Disclosure of Invention
The invention aims to solve the technical problem of providing a line load calculation method for acting on pile foundations by a liquefied soil layer of a seismic field, which fills up the blank of the related field.
In order to solve the technical problems, the invention adopts the following technical scheme: a line load calculation method for applying a soil layer of a seismic liquefaction site to pile foundations comprises the following steps:
A. according to JTS146-2012, earthquake liquefaction is carried out on the field, if the field is identified as the liquefaction field, the bottom burial depth h of the liquefaction soil layer is obtained according to the identification result 2 At the same time, the thickness h of the non-liquefaction coating layer on the liquefaction soil layer is obtained 1 :
B. Calculating the pressure intensity of the liquefied soil on the pile foundation at different burial points of the soil layer of the liquefied field:
wherein: p is the pressure of the liquefied soil acting on the pile foundation, and kPa;
k p is the passive earth pressure coefficient;
gamma' is the effective gravity of soil and kN/m 3 ;
h is the burial depth of the calculated point, m;
h 1 the thickness of the non-liquefaction soil layer is m;
h 2 the burial depth is m which is the burial depth of the bottom of the liquefied soil layer;
C. calculating the line load of the soil layer of the seismic liquefaction site on the pile foundation:
F=pkD (2)
for square piles, k is 1, and D is the side length of the section of the square pile; taking 0.8 for the circular pile k, and D is the diameter of the circular pile.

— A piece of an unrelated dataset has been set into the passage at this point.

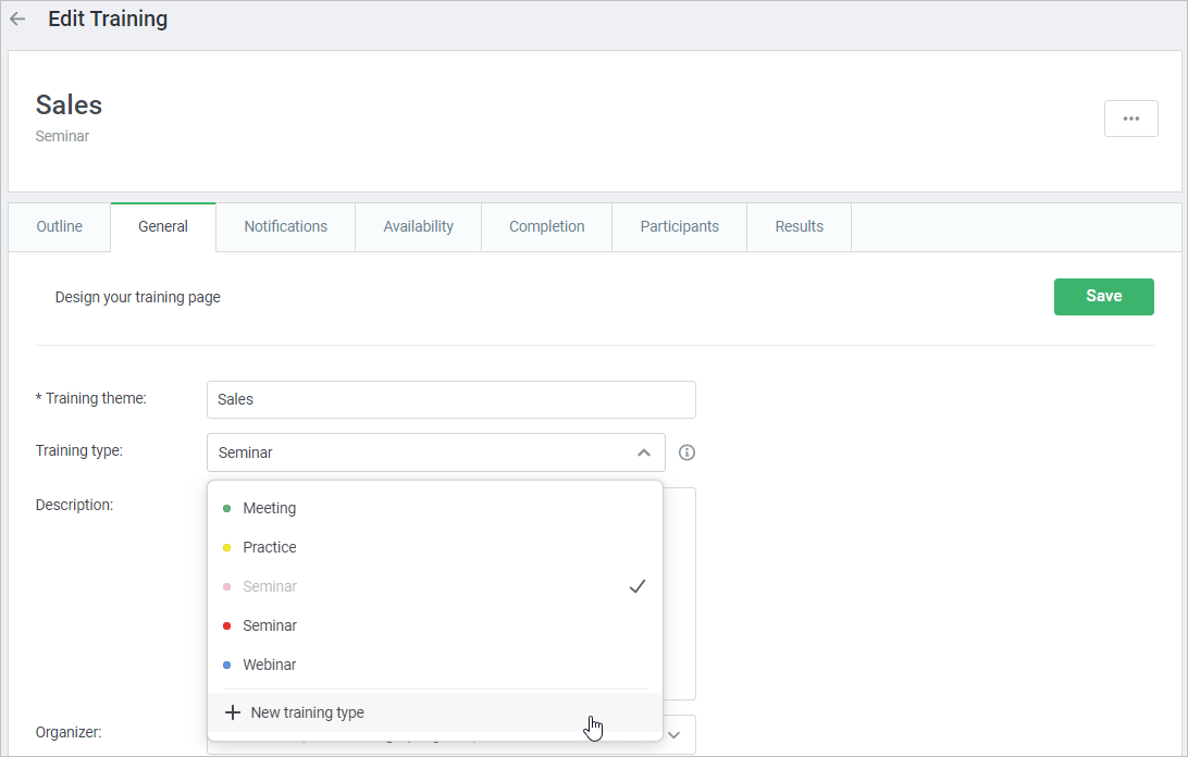 You can also create a new training type depending on your goals (a seminar, a lecture, or a course).

The beneficial effects of the invention are as follows: the method for calculating the line load on the pile foundation and the action of the earthquake liquefied soil layer is provided, the engineering design is guided to be more reasonable and effective, and the blank of the related field is filled.
Drawings
FIG. 1 is a cross-sectional view of a pile foundation terminal structure for calculating the line load of a liquefied soil layer of a seismic field on a pile foundation by adopting the method of the invention.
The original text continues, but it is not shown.